======== Data for this task ========

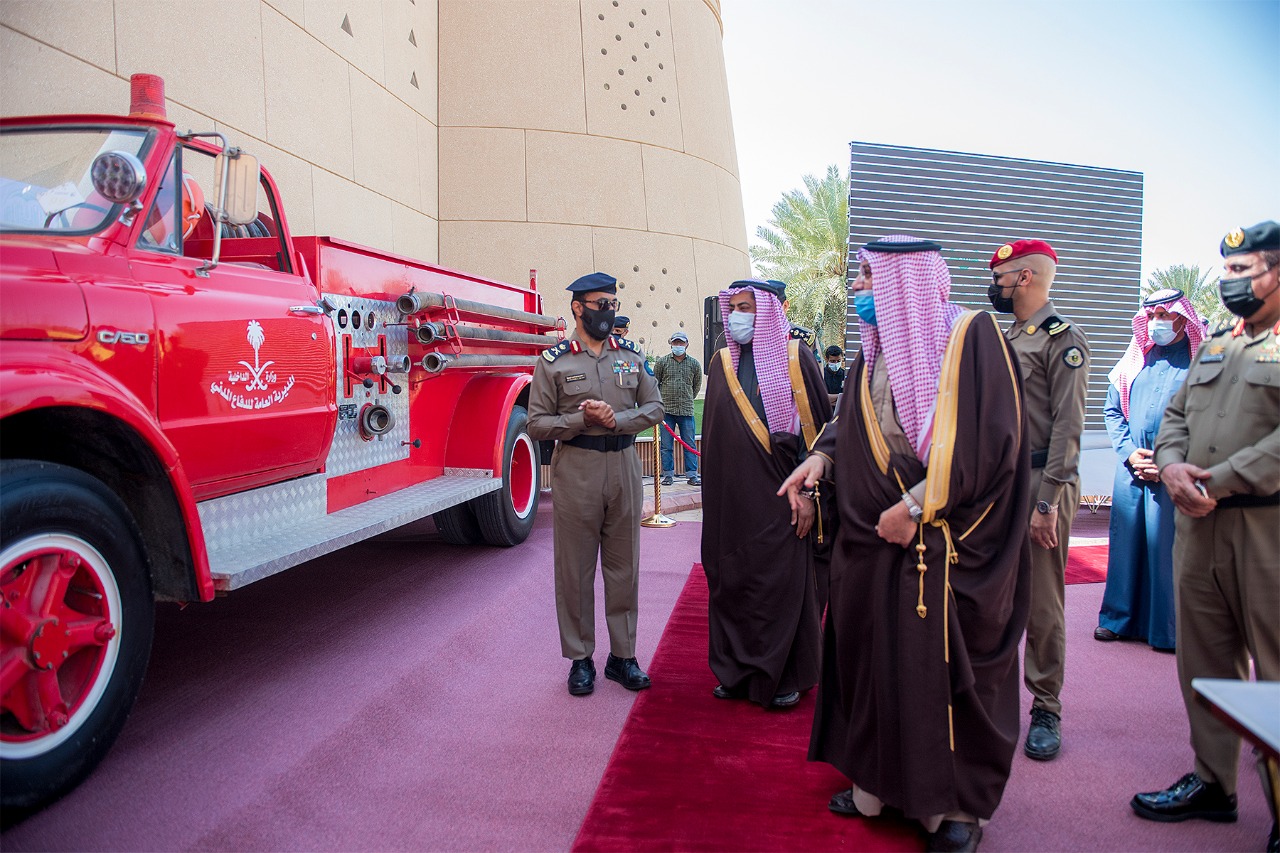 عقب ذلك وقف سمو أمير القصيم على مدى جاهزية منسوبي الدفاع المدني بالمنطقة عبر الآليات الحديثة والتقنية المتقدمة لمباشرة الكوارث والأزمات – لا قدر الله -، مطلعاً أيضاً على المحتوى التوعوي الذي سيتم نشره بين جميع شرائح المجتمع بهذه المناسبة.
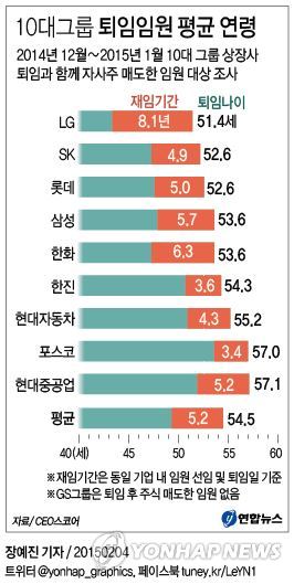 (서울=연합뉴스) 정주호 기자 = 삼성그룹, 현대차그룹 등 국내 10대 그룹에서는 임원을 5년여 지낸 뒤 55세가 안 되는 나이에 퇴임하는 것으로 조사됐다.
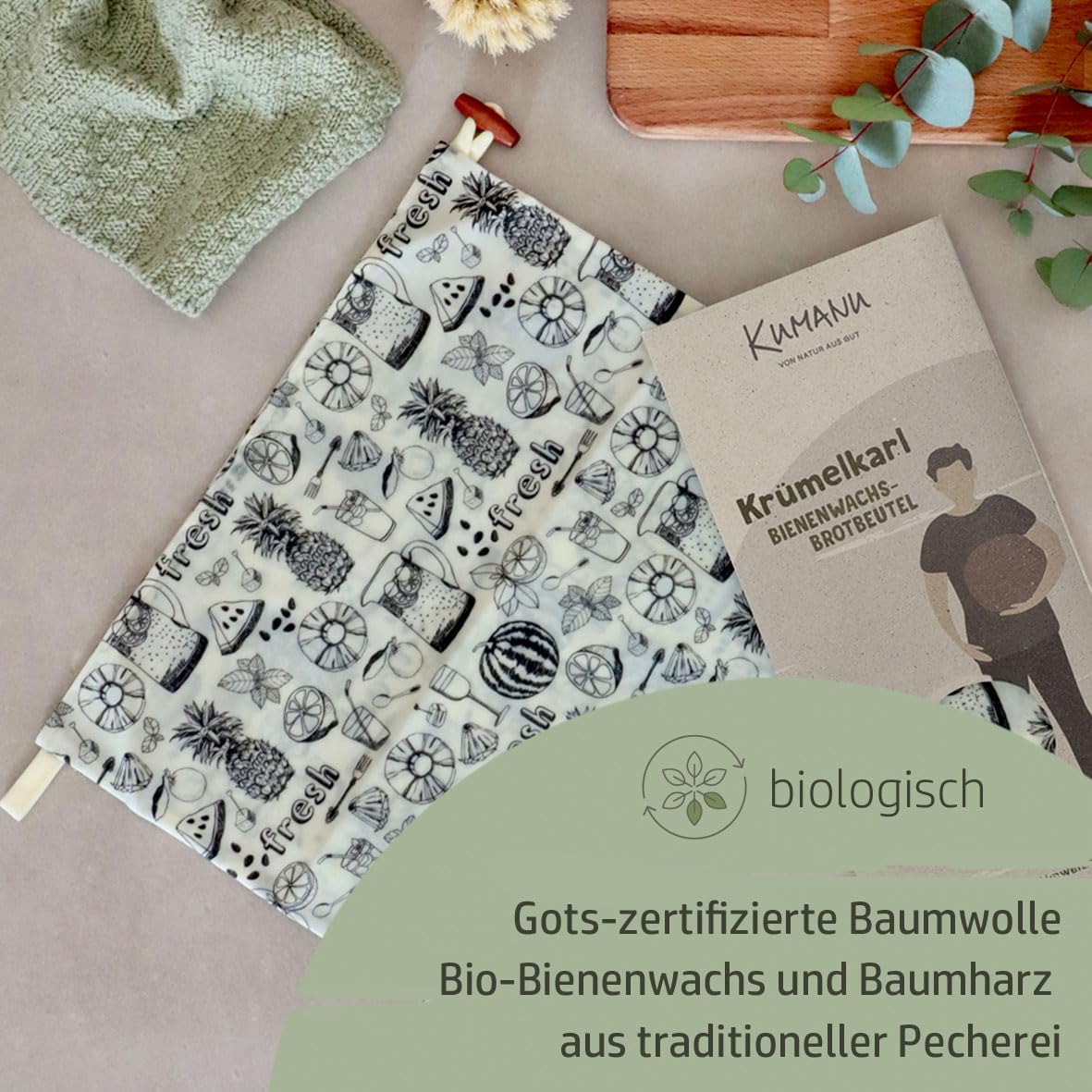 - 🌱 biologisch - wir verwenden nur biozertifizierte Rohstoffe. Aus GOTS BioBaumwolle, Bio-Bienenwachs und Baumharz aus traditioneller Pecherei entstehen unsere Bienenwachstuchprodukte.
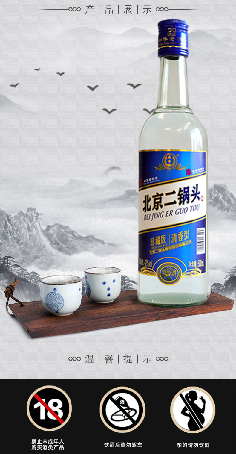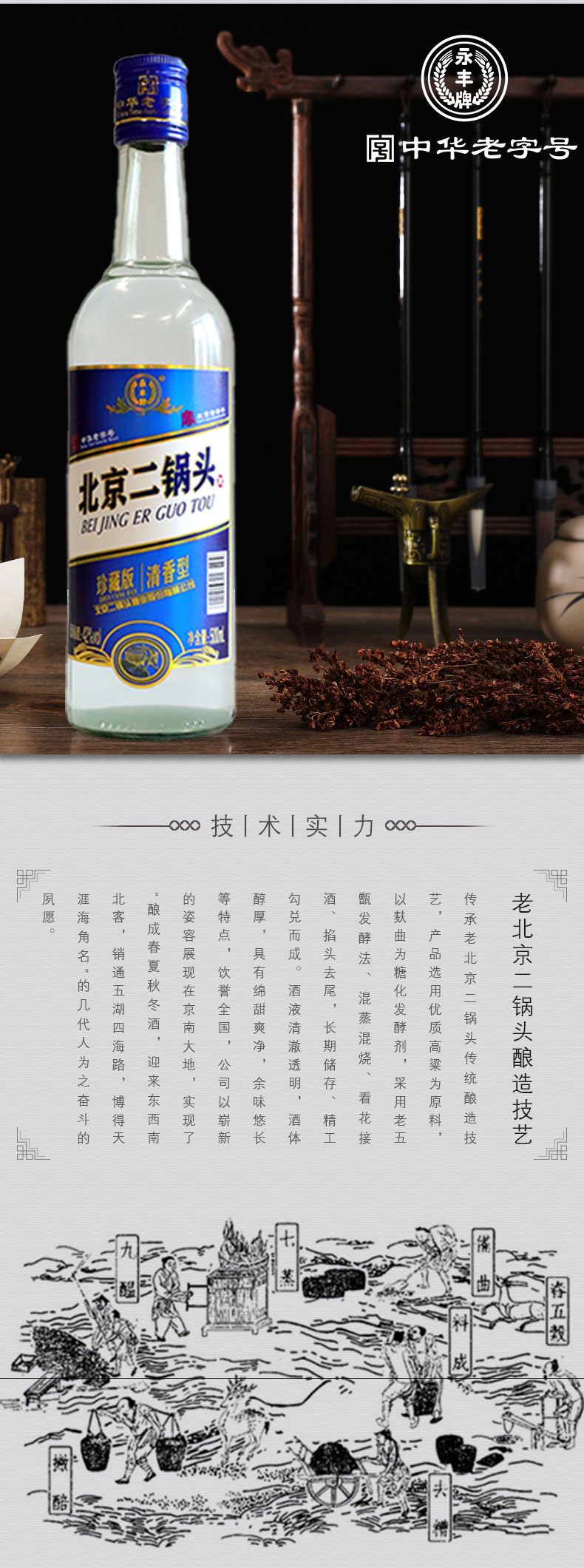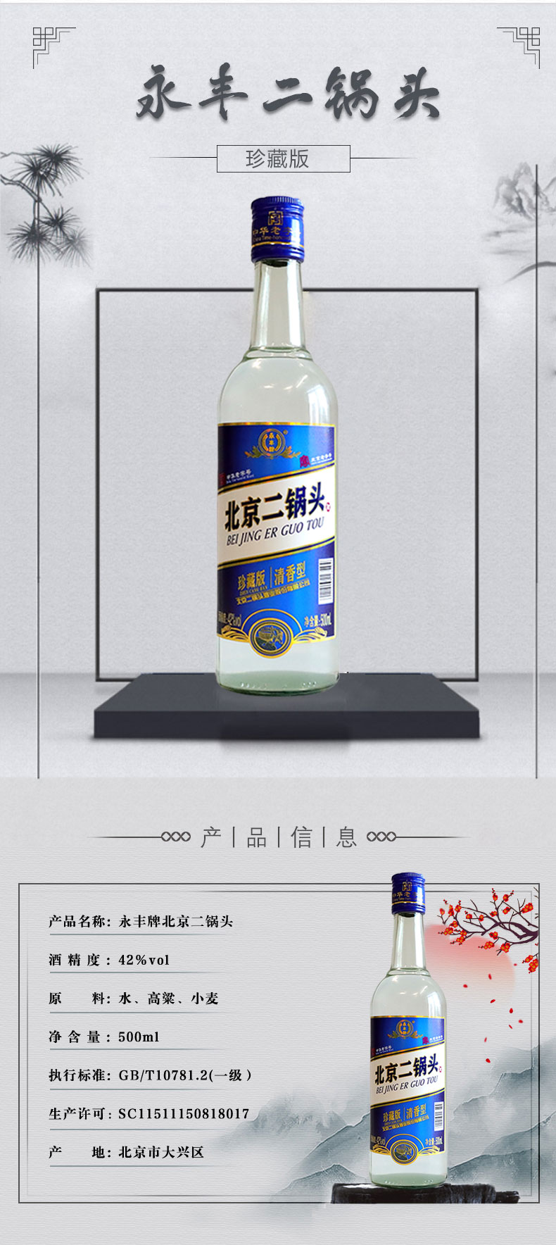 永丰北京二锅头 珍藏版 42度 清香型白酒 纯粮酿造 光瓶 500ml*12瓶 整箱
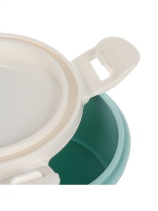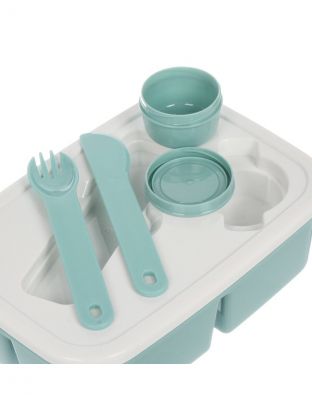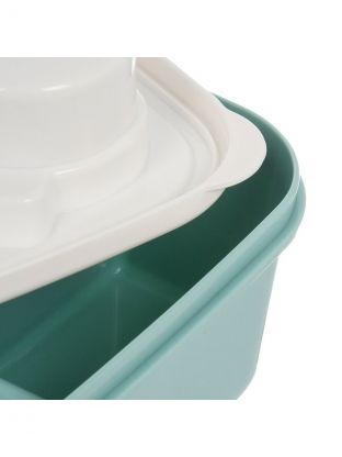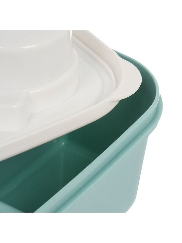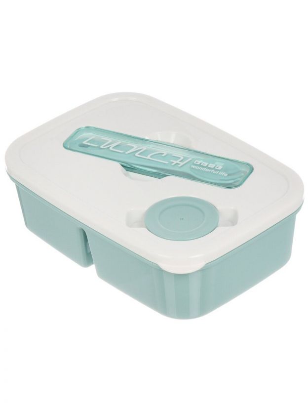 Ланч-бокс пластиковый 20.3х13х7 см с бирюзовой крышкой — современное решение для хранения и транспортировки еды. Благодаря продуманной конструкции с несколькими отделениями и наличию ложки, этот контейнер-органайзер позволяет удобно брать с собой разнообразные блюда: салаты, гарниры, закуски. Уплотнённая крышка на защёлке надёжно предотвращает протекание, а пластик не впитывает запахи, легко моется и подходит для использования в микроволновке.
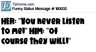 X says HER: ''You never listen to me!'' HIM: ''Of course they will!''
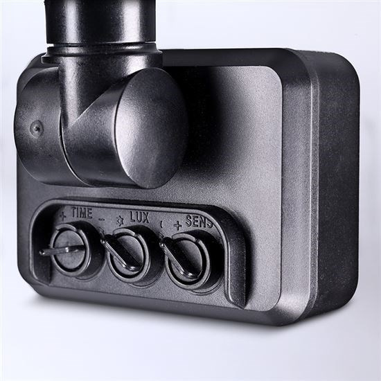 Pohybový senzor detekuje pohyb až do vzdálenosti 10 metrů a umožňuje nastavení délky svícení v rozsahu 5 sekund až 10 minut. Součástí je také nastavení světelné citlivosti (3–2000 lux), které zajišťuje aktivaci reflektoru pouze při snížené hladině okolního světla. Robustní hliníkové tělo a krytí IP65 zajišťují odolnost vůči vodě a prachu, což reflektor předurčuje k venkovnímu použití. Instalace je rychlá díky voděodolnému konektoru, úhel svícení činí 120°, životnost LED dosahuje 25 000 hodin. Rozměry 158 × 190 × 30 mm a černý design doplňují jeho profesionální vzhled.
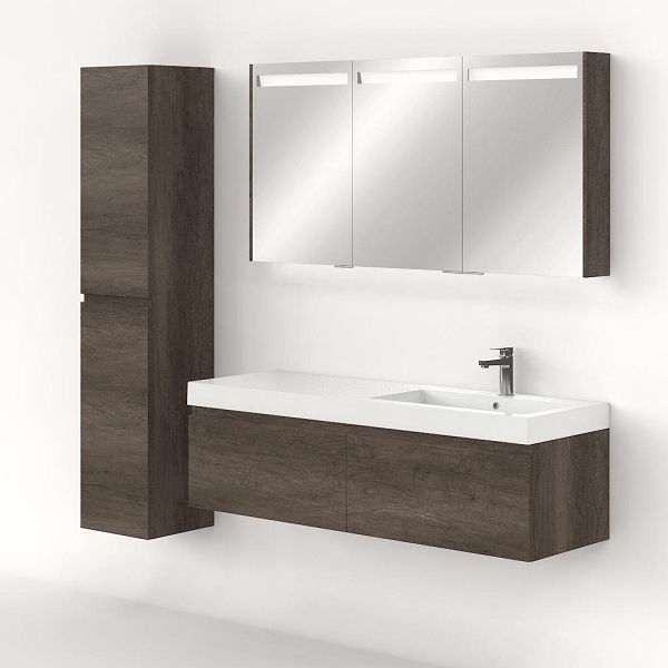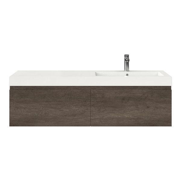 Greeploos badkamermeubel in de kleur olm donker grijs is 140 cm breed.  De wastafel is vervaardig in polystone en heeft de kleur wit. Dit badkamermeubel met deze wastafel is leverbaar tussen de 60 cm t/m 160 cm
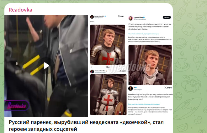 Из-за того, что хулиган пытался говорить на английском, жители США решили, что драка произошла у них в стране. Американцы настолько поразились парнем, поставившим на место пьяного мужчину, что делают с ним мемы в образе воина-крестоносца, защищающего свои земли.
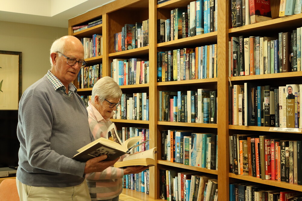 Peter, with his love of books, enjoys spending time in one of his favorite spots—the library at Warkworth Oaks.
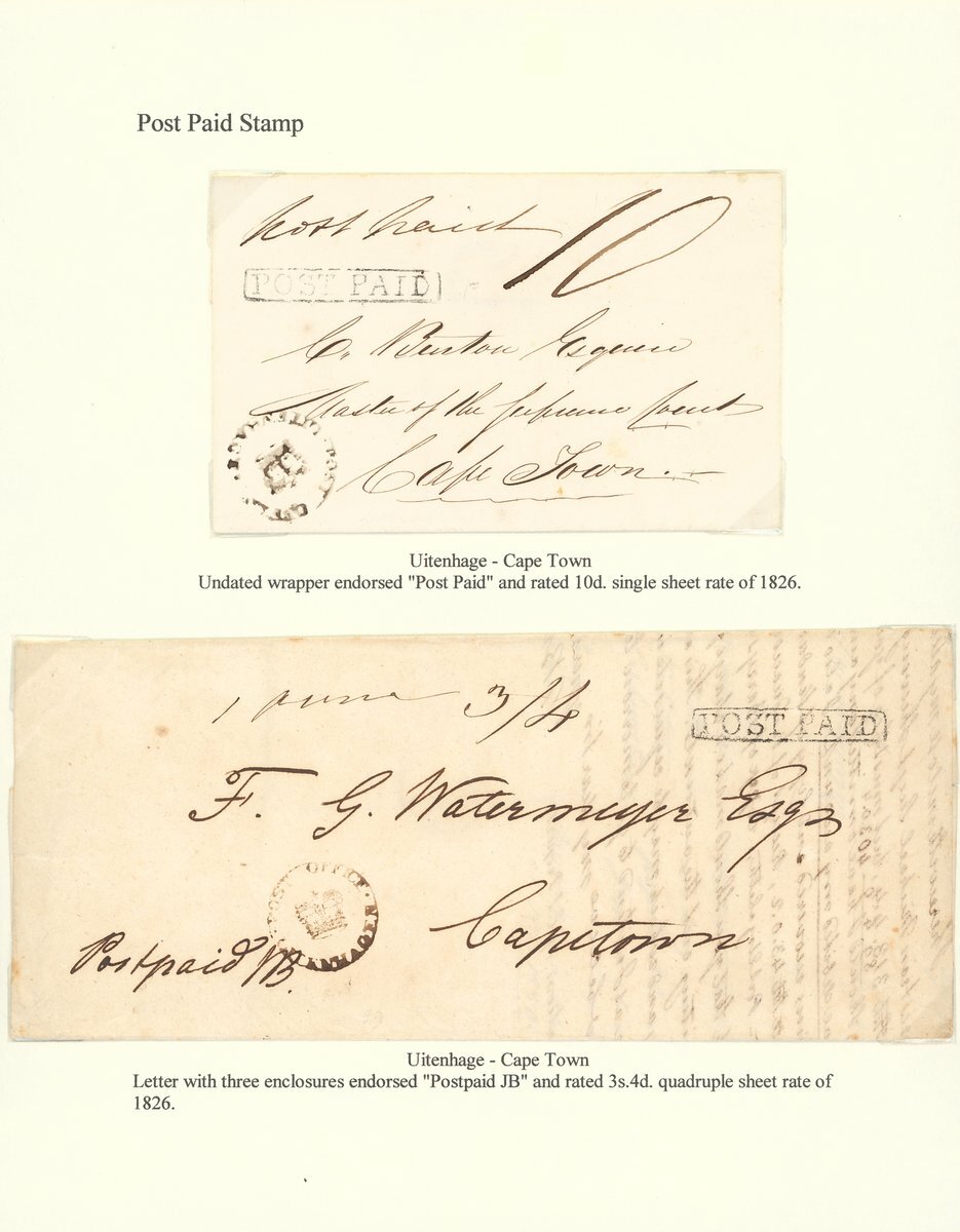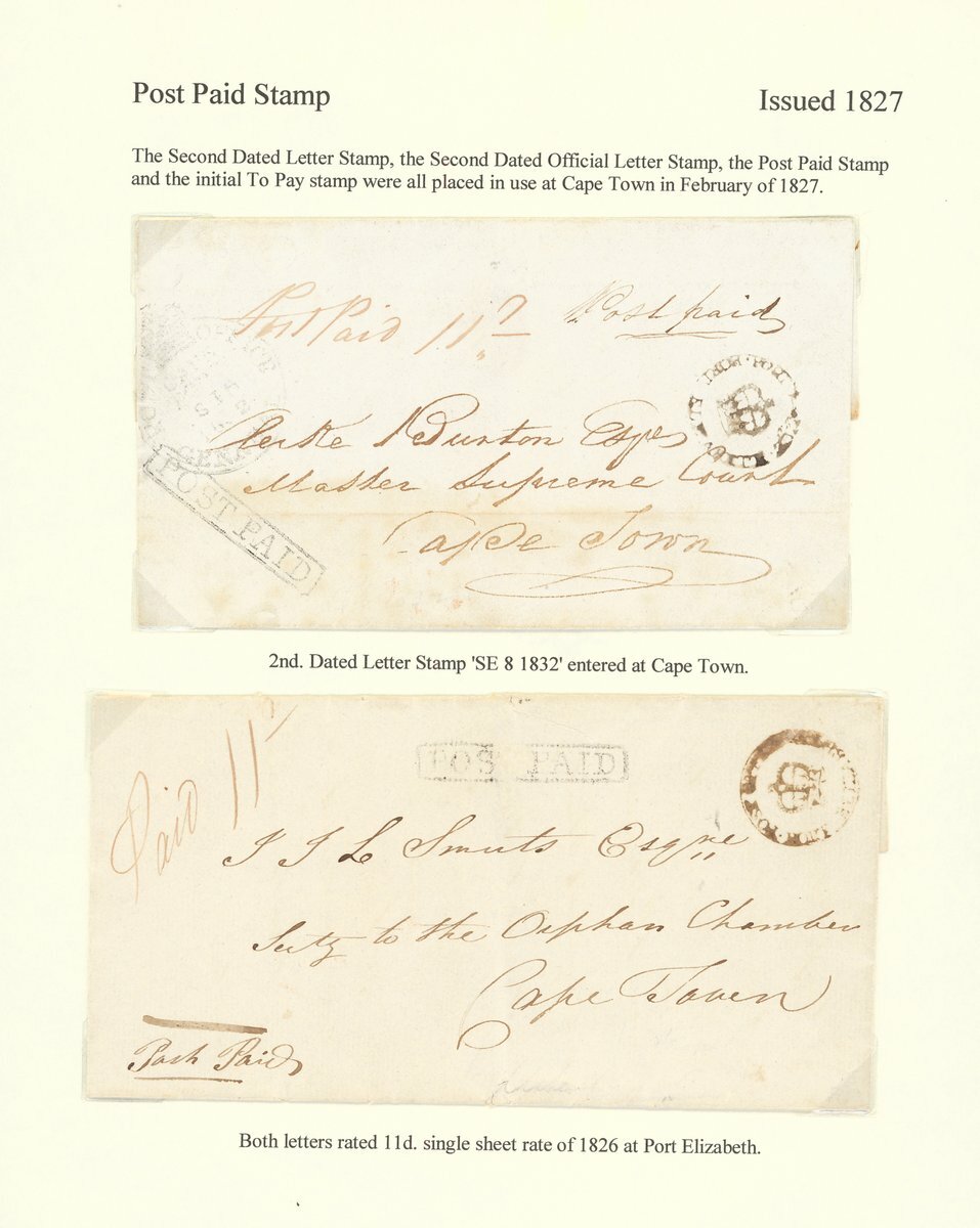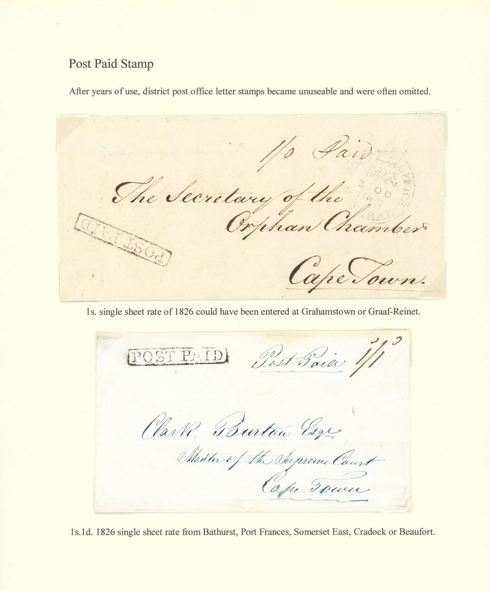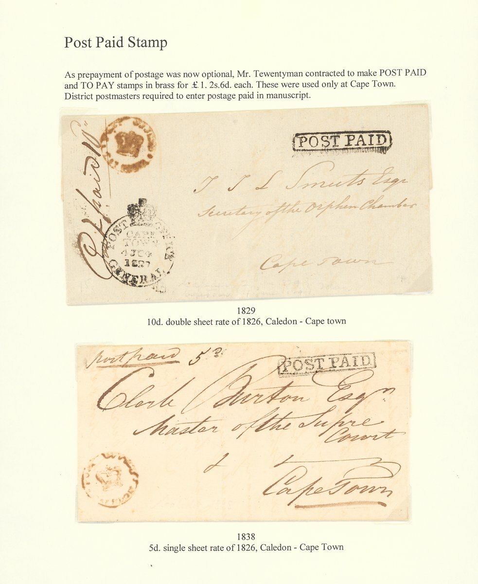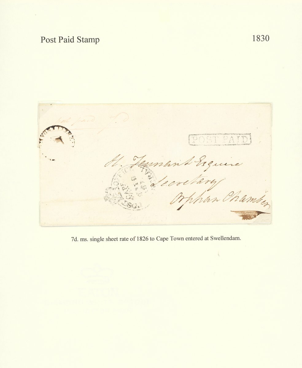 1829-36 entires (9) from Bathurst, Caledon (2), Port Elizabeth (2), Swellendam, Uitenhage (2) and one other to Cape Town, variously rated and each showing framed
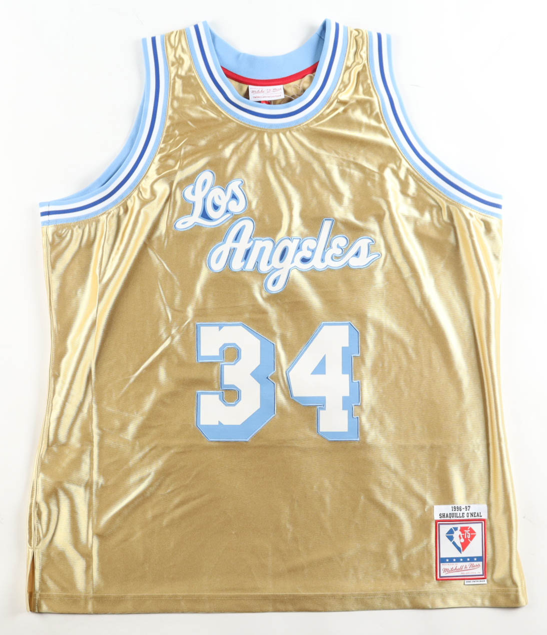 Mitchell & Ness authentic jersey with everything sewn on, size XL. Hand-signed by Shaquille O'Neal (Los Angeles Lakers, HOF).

========

▶ [Activity] What do the entries above read from the line containing "永丰北京二锅头 珍藏版 42度 清香型白酒 纯粮酿造 光瓶 500ml*12瓶 整箱" through the line containing "X says HER: ''You"? Output those lines exactly, both ends included, with the pictures left out.

▶ [Task response]
 永丰北京二锅头 珍藏版 42度 清香型白酒 纯粮酿造 光瓶 500ml*12瓶 整箱
 Ланч-бокс пластиковый 20.3х13х7 см с бирюзовой крышкой — современное решение для хранения и транспортировки еды. Благодаря продуманной конструкции с несколькими отделениями и наличию ложки, этот контейнер-органайзер позволяет удобно брать с собой разнообразные блюда: салаты, гарниры, закуски. Уплотнённая крышка на защёлке надёжно предотвращает протекание, а пластик не впитывает запахи, легко моется и подходит для использования в микроволновке.
 X says HER: ''You never listen to me!'' HIM: ''Of course they will!''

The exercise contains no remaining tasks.